EPR Properties in a nutshell
As of the end of 2024, EPR Properties owned 346 locations in the U.S. and Canada. Movie theaters make up 37% of the rental income, accounting for the largest share, and are also the largest ongoing risk factor since the future of the movie industry isn't exactly certain. However, EPR is actively seeking to reduce this exposure, and it has done a great job of it so far. Its next largest property type is eat-and-play properties, which account for another 24%. TopGolf is one of its largest tenants.

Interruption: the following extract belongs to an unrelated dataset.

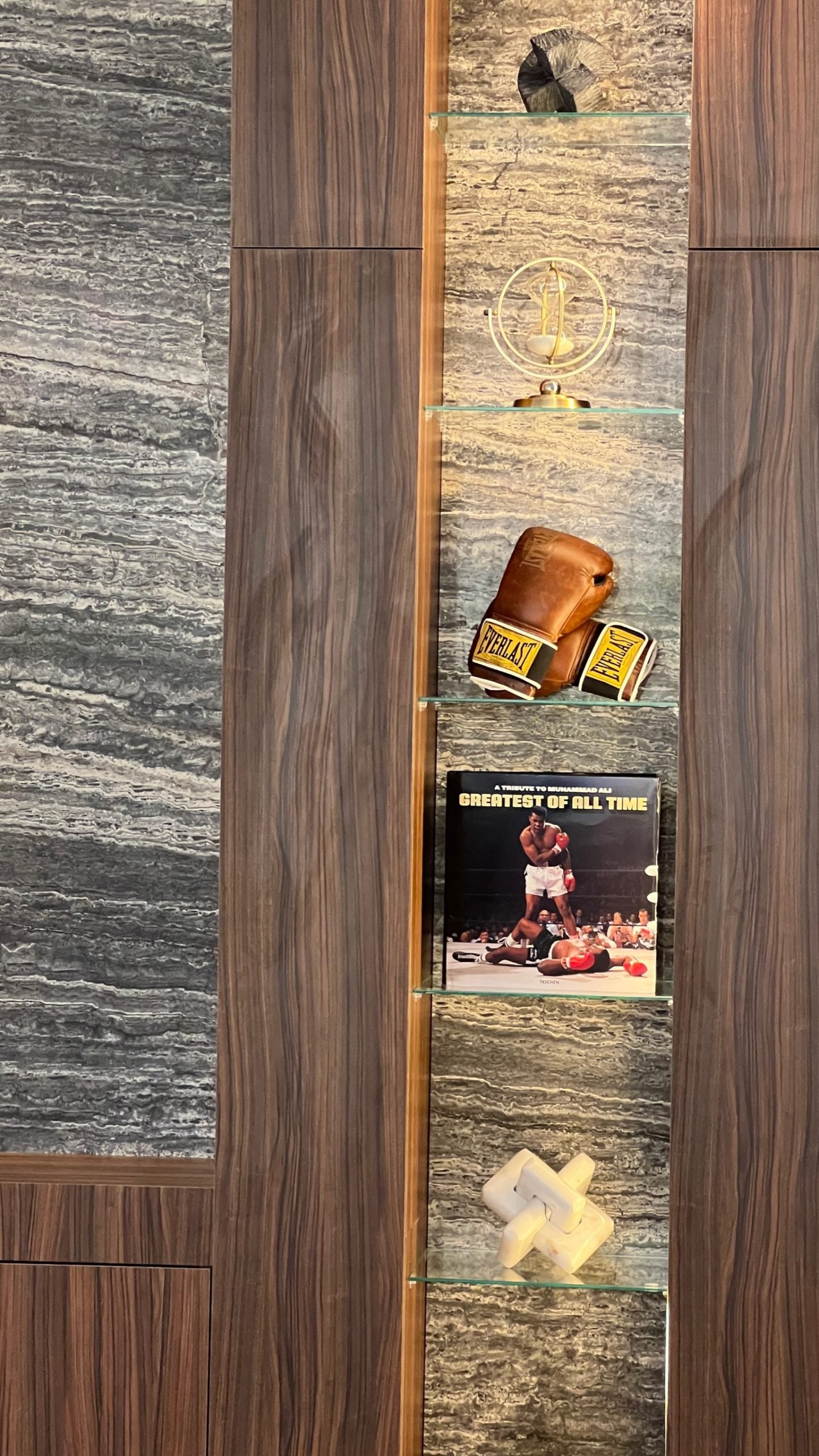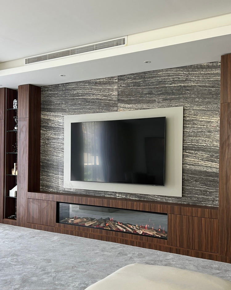 The Jacob Media Wall features the refined elegance of wood and earthy authenticity of travertine. This combination creates a striking contrast of textures elevating the aesthetic of any space. Glass shelves provide unobstructed appreciation of the travertine's elegance. LED lighting also play a crucial role in highlighting the textures and features of our Jacob Wall, enhancing the overall ambiance of the space.

Recent results have been strong. EPR's revenue increased by 3% year over year in the fourth quarter despite little growth in the investment portfolio. (More on that in a bit.) Adjusted funds from operations (FFO), the real estate equivalent of earnings, were 5% higher than a year ago, and EPR increased its monthly dividend rate by 3.5%.
Treading water, for now
As mentioned, EPR's properties have been performing rather well for the most part, and revenue is rising. However, while the company has typically grown rapidly through acquisitions and developments, it has sharply pumped the brakes on growth in recent years.
At first, this was due to the pandemic-era uncertainty. But in the years since the pandemic era, rising interest rates and pressure on EPR's stock price has made the cost of capital unattractive. In other words, it doesn't make good financial sense for EPR to take on debt or sell more shares to raise growth capital right now.
EPR is still deploying some capital, spending about $264 million on investments in 2024, but this mainly came from the company's excess cash flow, proceeds from selling a few movie theater properties, and cash on hand. And it represents a slow year for the company. For context, EPR spent $572 and $795 million in 2018 and 2019, respectively. Plus, EPR is guiding for $200 million to $300 million for 2025, so it's expecting another slow year for growth.